Insurance companies appear to be responding in kind, covering additional doses for children in need.

“[Payers] have agreed that, if [palivizumab] needs to be given for an additional month or 2 or 3, then they’re making a commitment that they’ll reimburse hospitals for providing that,” Dr. Blumberg said.

For ineligible patients, such as Sebastian, who was born prematurely at 36 weeks – 1 week shy of the label requirement – treatment relies upon supportive care with oxygen and IV fluids.

At home, parents are left with simpler options.

Dr. Blumberg and Dr. Kusma recommended keeping children hydrated, maintaining humidified air, and using saline nose drops with bulb suction to clear mucus.

In the Witts’ experience, that last step may be easier said than done.

“Every time a nurse would walk into the room, Sebastian would yell: ‘Go away, doctor! I don’t want snot sucker!’” Mr. Witt said.

“If you over snot-suck, that’s really uncomfortable for the kid, and really hard for you,” Ms. Witt said. “And it doesn’t make much of a difference. It’s just very hard to find a middle ground, where you’re helping and keeping them comfortable.”

Some parents are turning to novel strategies, such as nebulized hypertonic saline, currently marketed on Amazon for children with RSV.

Although the AAP offers a weak recommendation for nebulized hypertonic saline in children hospitalized more than 72 hours, they advise against it in the emergency setting, citing inconsistent findings in clinical trials.

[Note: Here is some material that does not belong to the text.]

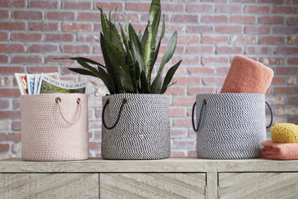 Clutter doesn’t stand a chance with this hand braided basket around. Pick it up by the braided handles and move it to where it’s needed most. It not only provides storage but it’s also stylish. Pink and white design is timeless and teeming with cottony texture.
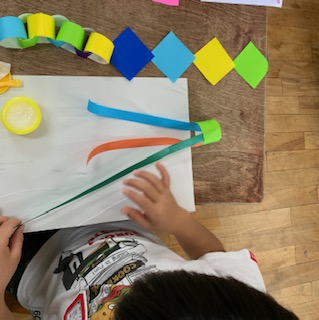 好みの色の色紙を使って、1本の指を使ってのりをとりました。

To any parents tempted by thousands of positive Amazon reviews, Dr. Blumberg said, “I wouldn’t waste my money on that.”

Dr. Kusma agreed.

“[Nebulized hypertonic saline] can be irritating,” she said. “It’s saltwater, essentially. If a parent is in the position where they’re worried about their child’s breathing to the point that they think they need to use it, I would err on the side of calling your pediatrician and being seen.”
 

Going in, coming home

Dr. Kusma said parents should seek medical attention if a child is breathing faster and working harder to get air. Increased work of breathing is characterized by pulling of the skin at the notch where the throat meets the chest bone (tracheal tugging), and flattening of the belly that makes the ribcage more prominent.

Mr. Witt saw these signs in Sebastian. He knew they were significant, because a friend who is a nurse had previously shown him some examples of children who exhibited these symptoms online.

“That’s how I knew that things were actually really dangerous,” Mr. Witt said. “Had she not shown me those videos a month and a half before this happened, I don’t know that we would have hit the alarm bell as quickly as we did.”

After spending their second night and the following day in a cramped preoperative room converted to manage overflow from the emergency department, Sebastian’s condition improved, and he was discharged. The Witts are relieved to be home, but frustrations from their ordeal remain, especially considering the estimated $5,000 in out-of-pocket costs they expect to pay.

“How is this our health care system?” Ms. Witt asked. “This is unbelievable.”
 

An optimistic outlook

RSV seasons typically demonstrate a clear peak, followed by a decline through the rest of the season, suggesting better times lie ahead; however, this season has been anything but typical.

“I’m hopeful that it will just go away and stay away,” Dr. Kusma said, citing this trend. “But I can’t know for sure.”

To anxious parents, Dr. Blumberg offered an optimistic view of RSV seasons to come.

“There’s hope,” he said. “There are vaccines that are being developed that are very close to FDA approval. So, it’s possible that this time next year, we might have widespread RSV vaccination available for children so that we don’t have to go through this nightmare again.”

Dr. Blumberg and Dr. Kusma disclosed no relevant conflicts of interest.